The Goods and Service Tax (GST) is unlikely to boost tax revenues of states as the average state GST growth during financial years FY18 to FY21 has been lower than the growth seen during FY14-FY17 when the taxes subsumed under the GST, according to India Ratings & Research (Ind-Ra).

"The share of state GST (SGST) in their own tax revenue (SOTR) at 55.4% during FY18-FY21 compared to 55.2% during FY14-FY17 indicates that the growth in both SGST and non-SGST components of SOTR has been broadly similar. This means the GST implementation did not result in any incremental benefit to the SOTR. Moreover, SGST growth at an average 6.7% during FY18-FY21 has been lower than the 9.8% growth recorded by the taxes subsumed under GST during FY14-FY17," says Ind-Ra.

The data available so far does not instil confidence with respect to GST achieving or is on course to achieve its two key objectives, namely it boosts the tax revenue and is beneficial for the consuming states, the rating agency says.

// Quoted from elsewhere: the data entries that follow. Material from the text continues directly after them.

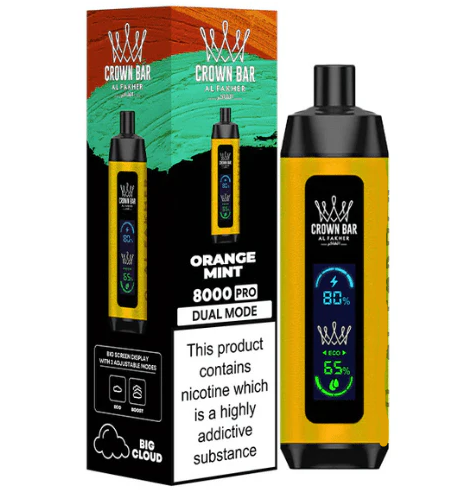 Discover the ultimate vaping experience with the Crown Bar Orange Mint 8000 Puffs 5mg DTL in Dubai, UAE. This disposable vape device offers 8000 puffs of pure satisfaction, powered by a 600mAh battery for long-lasting enjoyment.
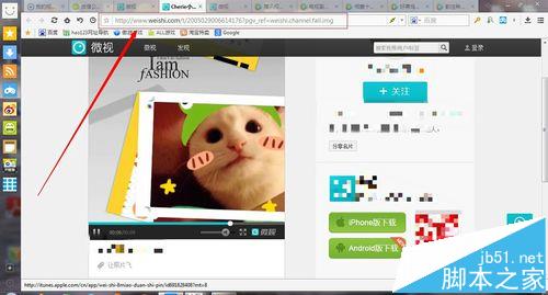 3、点击微视,直接跳转到微视网站,举例随意找一个视频,复制地址栏的链接
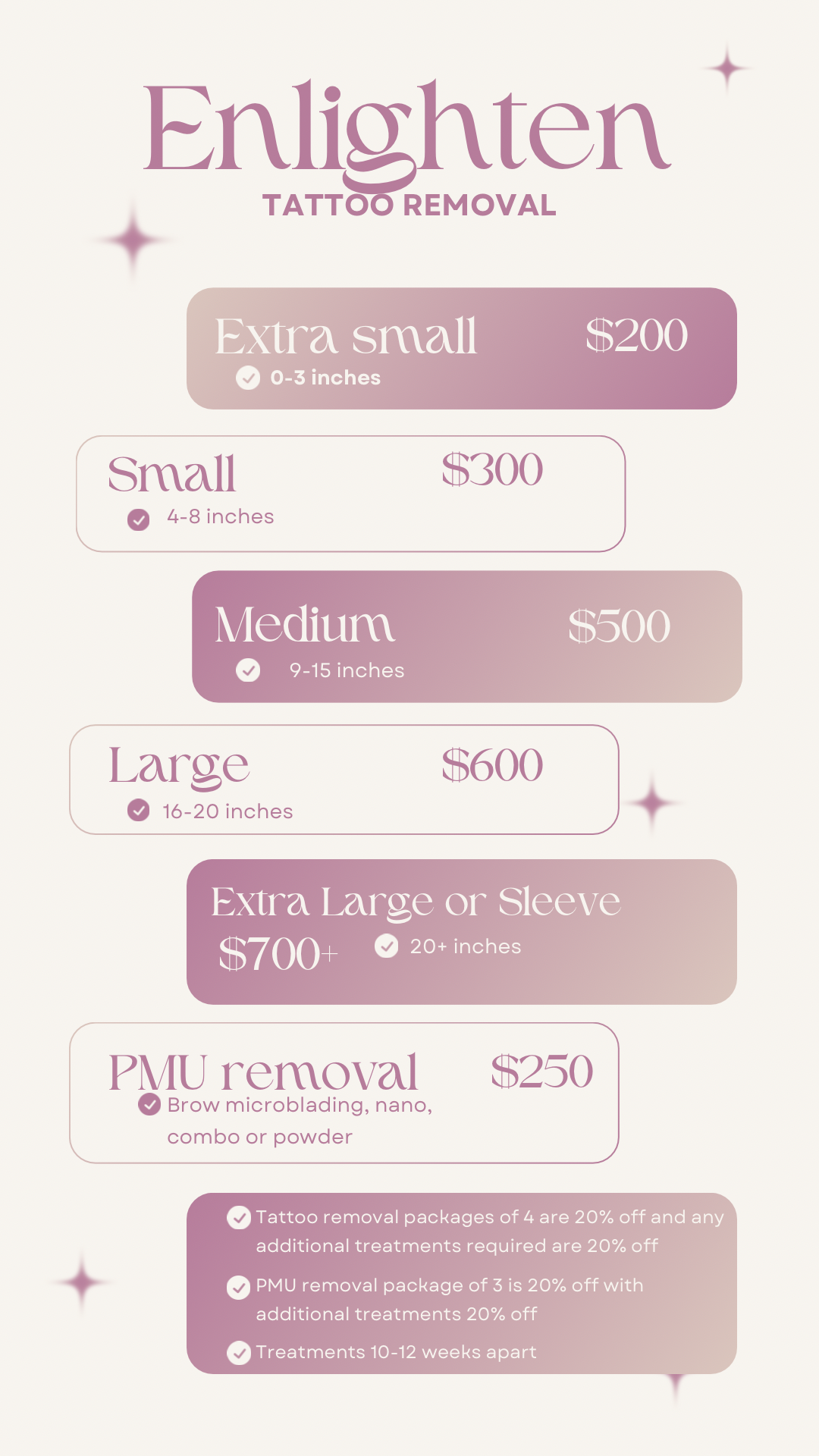 Enlighten features extremely short and high-power picosecond laser pulses which efficiently and quickly break down the ink particles in tattoos. A 'picosecond' is one-trillionth of a second, and is 1,000 times shorter than the 'nanosecond' pulses used in existing lasers for tattoo removal. Picosecond laser pulses have been shown to remove tattoos more completely and in fewer treatment sessions than traditional laser used historically in the past.

"Until the GST implementation, producing/exporting states besides collecting VAT (sales tax) on the sales within the states used to collect central sales tax (CST) up to 2% on the inter-state sales. The states where CST was contributing more than 4.5% to their SOTR during FY12-FY17 were Assam, Chhattisgarh, Gujarat, Haryana, Himachal Pradesh, Jharkhand, Meghalaya, Odisha, Sikkim and Tamil Nadu - a mix of both producing and consuming states. After the GST implementation, the proportion of CST in SOTR declined to 0.95% in FY21 (RE) from 4.16% in FY17," the ratings agency adds.

Since the GST is a destination-based tax, goods and services are taxed at the place where they are consumed and not at the origin or where they are produced. Even the integrated GST (IGST) collected by the centre is shared with the state where the goods or services concerned are sold and not where they are produced. Hence, consuming states were expected to do better after the roll-out of the GST.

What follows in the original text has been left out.